▶ _Instructions to follow_
This task calls for the lines below starting at the one containing "Les jeux du" and ending at the one containing "Когда оркестр в", repeated exactly with both ends kept and pictures left out.

** Opening Dataset records block **

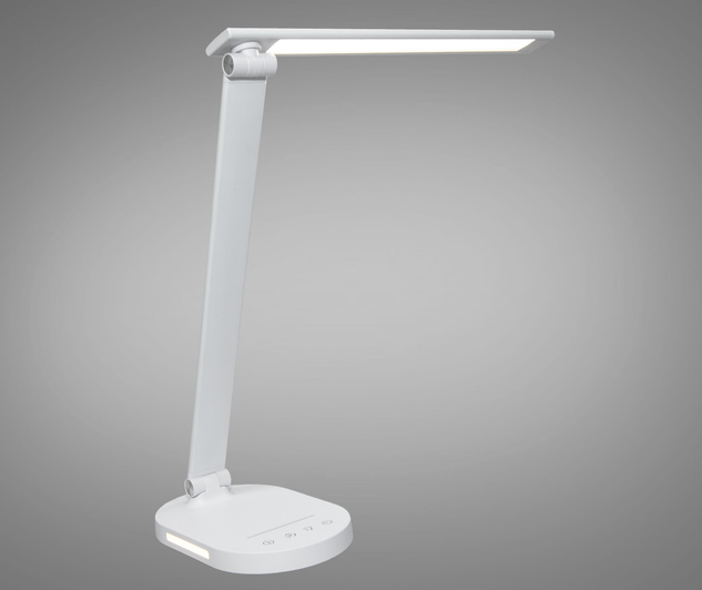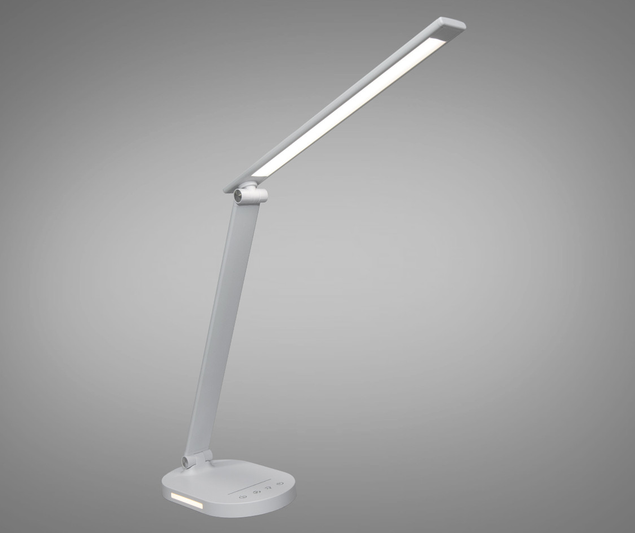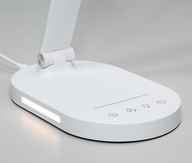 Стильная светодиодная настольная лампа с ночником идеально подходит для современного дома или офиса. Лампа характеризуется энергоэффективностью, обладает сдержанным и элегантным дизайном. Основной ее чертой является тонкий вертикальный ствол, который легко регулируется, с компактной сборкой, которая заканчивается горизонтально ориентированной светодиодной панелью, которая тоже легко регулируется и складывается и обеспечивает равномерный свет без ослепительных эффектов. В основе лампы есть панель с сенсорными кнопками для управления функциями лампы,такими как регулировка яркости и температуры света. Это позволяет пользователю настроить свет от яркого и энергичного до мягкого и теплого, что соответствует идивидуальным предпочтениям пользователей. Интегрированный ночник создает мягкий свет, идеальный для использования в спальне или детской комнате, обеспечивая достаточно света для ориентации в темноте, но при этом не смущает или не мешает сну. Лампа выглядит компактной и мобильной, что делает ее удобной для перемещения между комнатами.
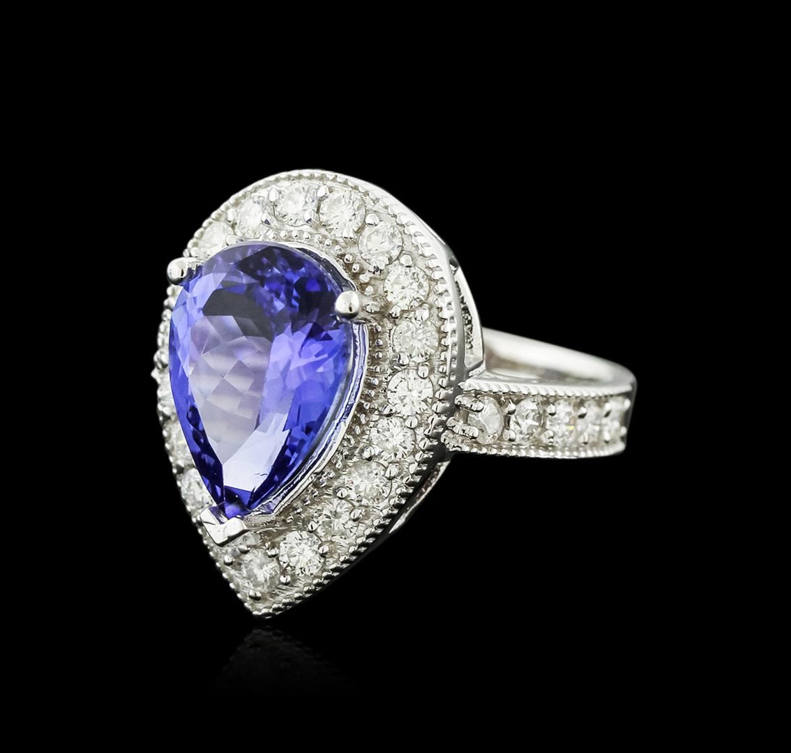 One electronically tested 14KT white gold ladies cast tanzanite and diamond ring with a bright polish finish. Identified with markings of "K14". Condition is new. Containing: One prong set pear modified brilliant cut natural tanzanite, measuring 13.00 x 8.90 x 5.50mm, approximate weight of 4.26ct., clarity is eye clean, type I, medium light, very slightly grayish, violet color, (GIA V 4/3), cut is good. Twenty-Nine prong set round brilliant cut diamonds, measuring 2.00 - 2.00 x 1.20mm (depth est.) approximate total weight of 29 Stones = 0.85ct. Clarity: SI-1 to SI-2. Color: H - I, Cut is Good. Colored gemstones are presumed to have been subjected to commonly used enhancement processes. All diamonds and colored gemstones are graded in the mounting, unless otherwise stated. Total Weight of Colored Stones 4.26ct. Total Weight of Diamonds 0.85ct. Total Weight of Ring 7.30 grams. GGL Appraised at $5,995.00.
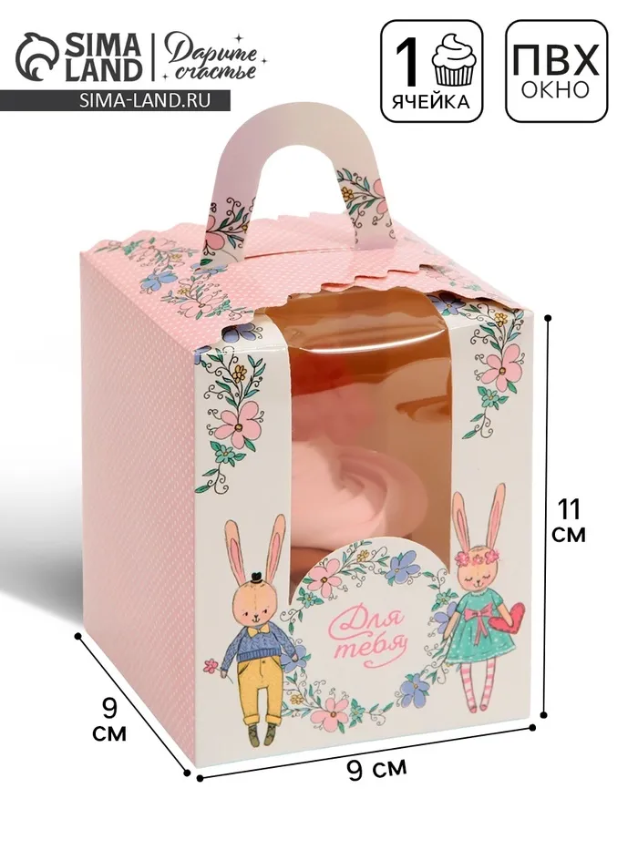 Коробка для капкейков, кондитерская упаковка, 1 ячейка «Для тебя», 9 х 9 х 11 см — Характеристики
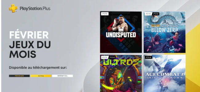 Les jeux du mois sont Undisputed, Subnautica: Below Zero, Ultros et Ace Combat 7: Skies Unknown.
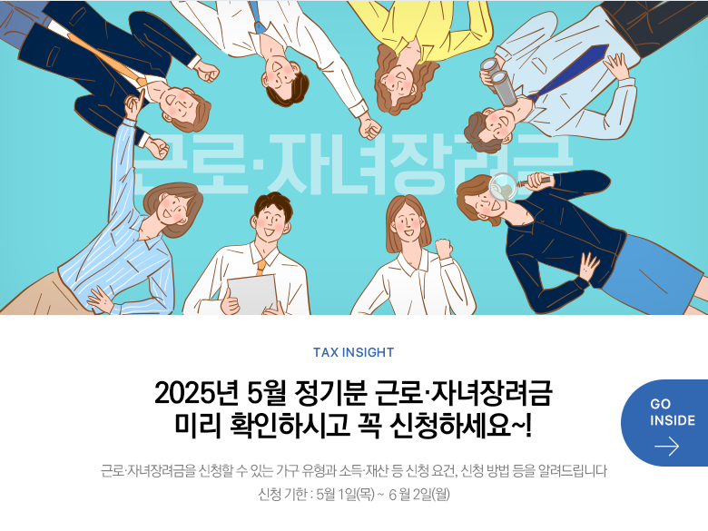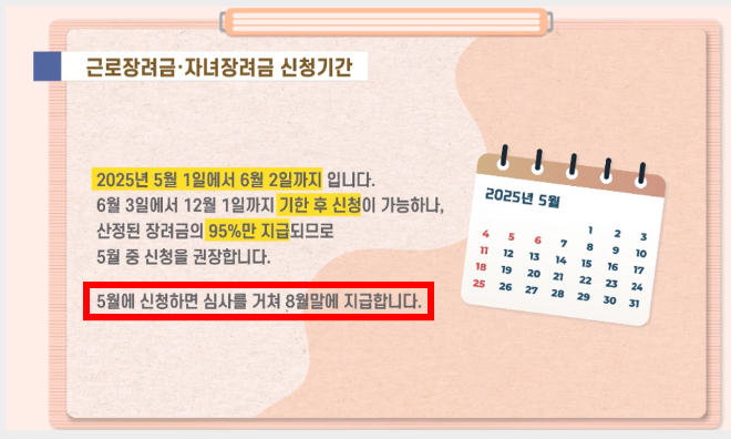 2025년 5월 1일부터 6월 2일까지 2024년 귀속 정기분 근로·자녀장려금 신청 기간입니다.
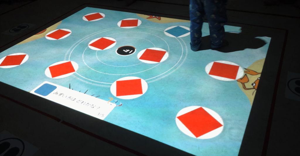 「○○いろをさがそう」とお題が出た後に、10秒で複数の選択肢の中から、お題の色を探して足で長押しして選択していくゲームです。10秒で全体を見渡し、どこにその色があるのかを見つけていくことと、色の認識、ルールを理解して取り組むゲームになります。
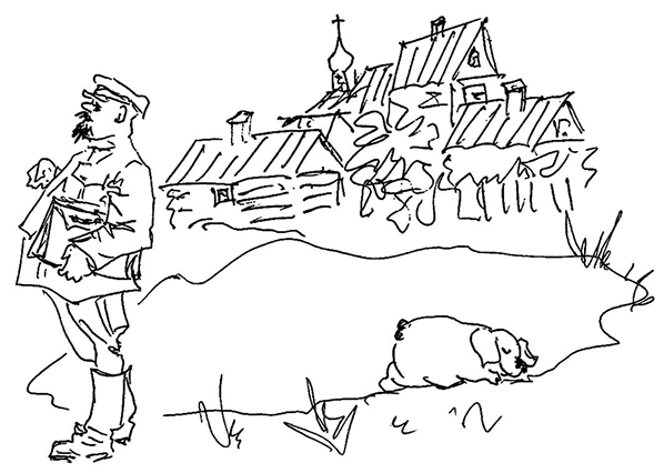 Когда оркестр в очередной раз отыграл «Наш паровоз вперед лети» и замолк, глава местной администрации выступил вперед для приветственной речи. В это мгновение произошло что-то непонятное – вместо голоса тучного чиновника с портфелем под мышкой мы услышали хрюканье, истошный вопль «ой-ой-ой!» и… грохот падающей в лужу картины. Из-под рухнувшего эпического полотна с изображением Гадюкино поспешно выбрались две тощие грязные свиньи и метнулись прямо под ноги главе администрации. Тот взвизгнул неожиданно тонким голосом «Держи их!» и бросился выполнять собственное распоряжение. Толпа гадюкинцев, забыв о нас, последовала его примеру.
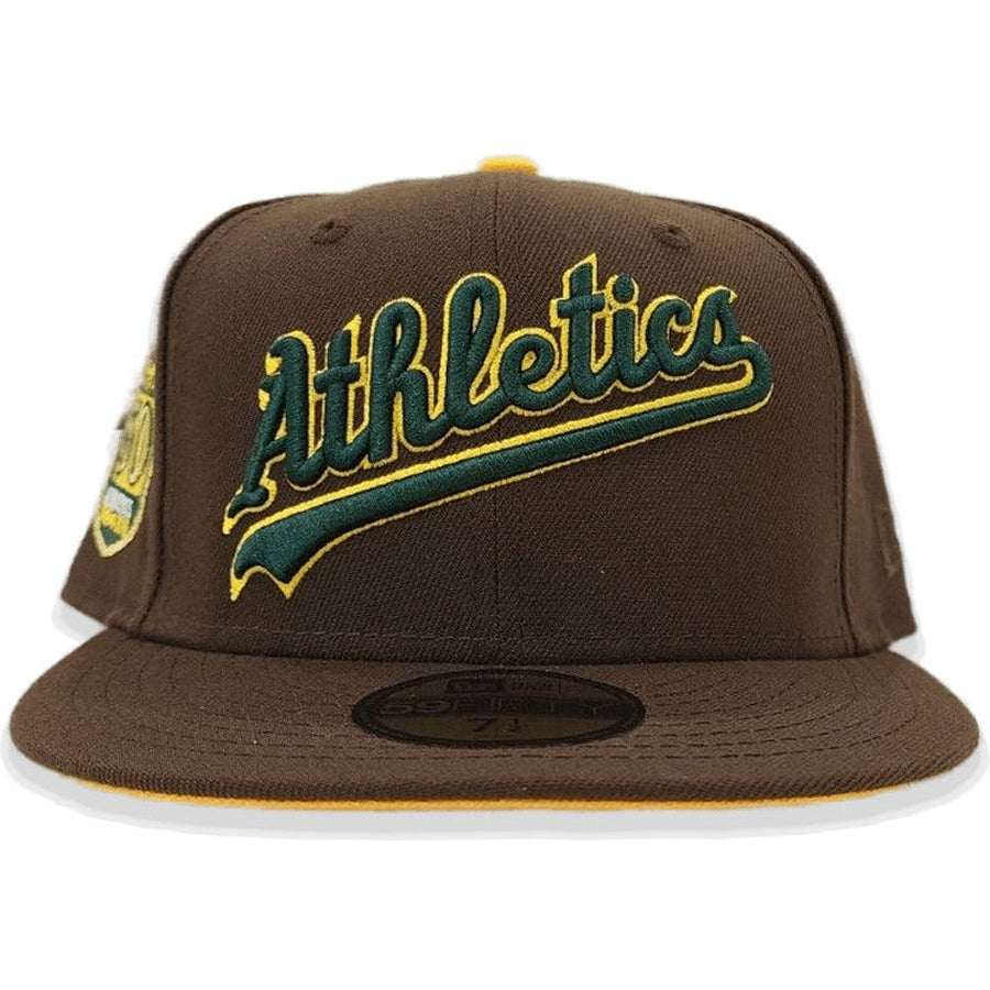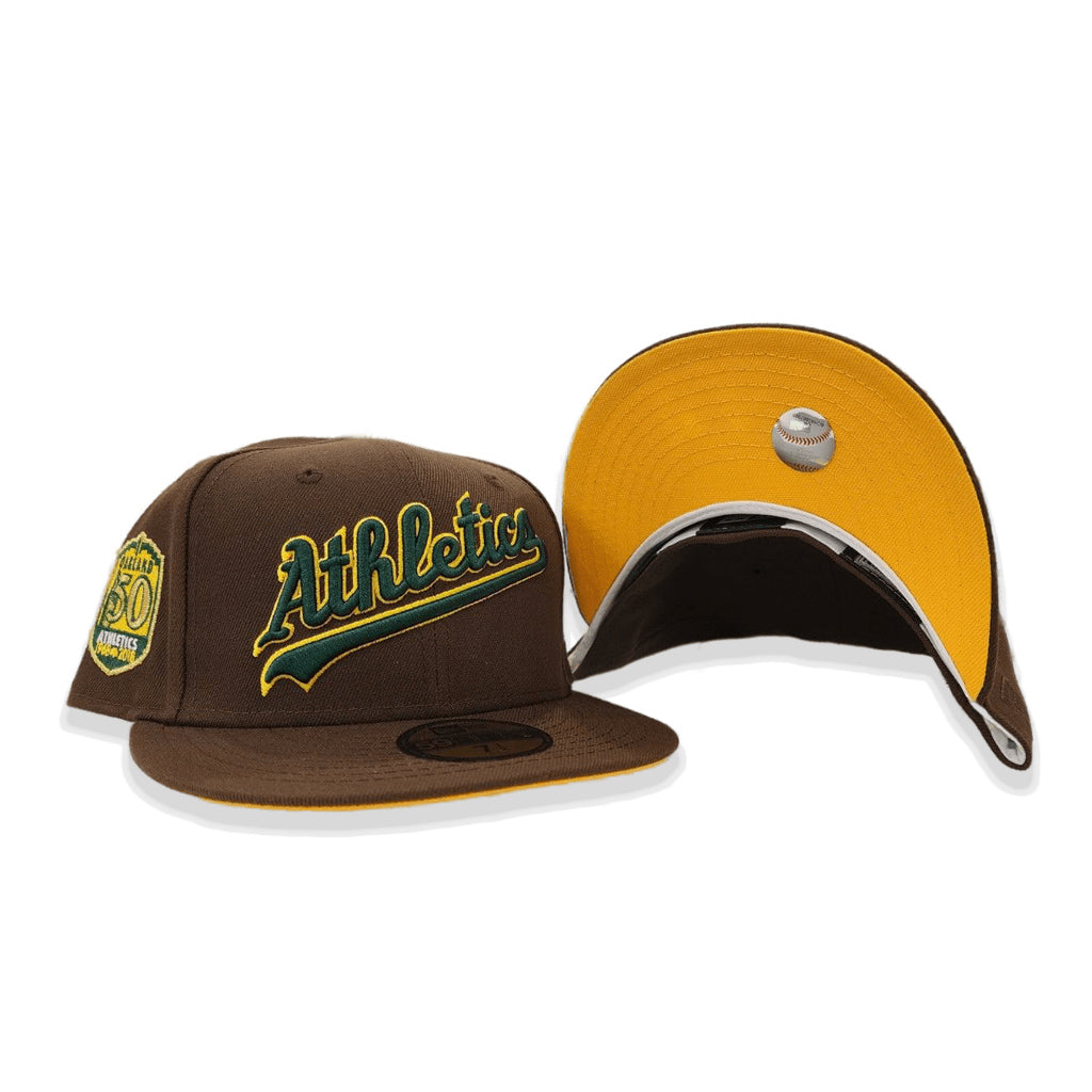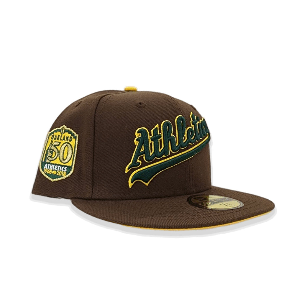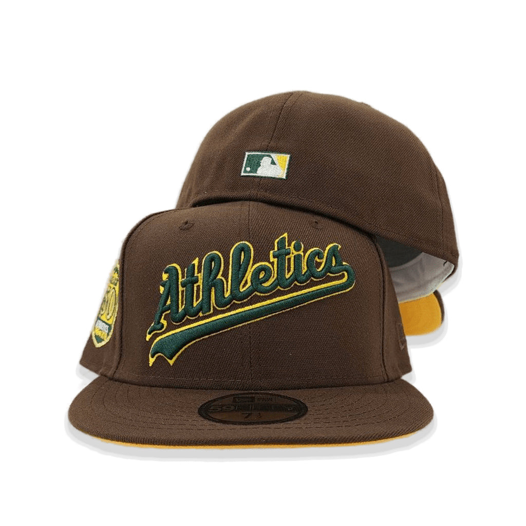 This New Era Brown Script Oakland Athletics yellow Bottom 50th Anniversary Side Patch 59FIFTY Fitted Hat was released by Exclusive Fitted. The fitted has a dark brown six panel structured high crown and embroidered eyelets with a dark brown fabric squatchee button. The fitted cap also has a dark brown flat bill with a yellow undervisor. The front panel features the Oakland Athletics logo embroidery and a 50th Anniversary side patch embroidery on the right panel. The left panel of the fitted displays the New Era logo and the official MLB logo embroidery on the rear crown.

** Closing Dataset records block **

▶ _Final answer_
 Les jeux du mois sont Undisputed, Subnautica: Below Zero, Ultros et Ace Combat 7: Skies Unknown.
 2025년 5월 1일부터 6월 2일까지 2024년 귀속 정기분 근로·자녀장려금 신청 기간입니다.
 「○○いろをさがそう」とお題が出た後に、10秒で複数の選択肢の中から、お題の色を探して足で長押しして選択していくゲームです。10秒で全体を見渡し、どこにその色があるのかを見つけていくことと、色の認識、ルールを理解して取り組むゲームになります。
 Когда оркестр в очередной раз отыграл «Наш паровоз вперед лети» и замолк, глава местной администрации выступил вперед для приветственной речи. В это мгновение произошло что-то непонятное – вместо голоса тучного чиновника с портфелем под мышкой мы услышали хрюканье, истошный вопль «ой-ой-ой!» и… грохот падающей в лужу картины. Из-под рухнувшего эпического полотна с изображением Гадюкино поспешно выбрались две тощие грязные свиньи и метнулись прямо под ноги главе администрации. Тот взвизгнул неожиданно тонким голосом «Держи их!» и бросился выполнять собственное распоряжение. Толпа гадюкинцев, забыв о нас, последовала его примеру.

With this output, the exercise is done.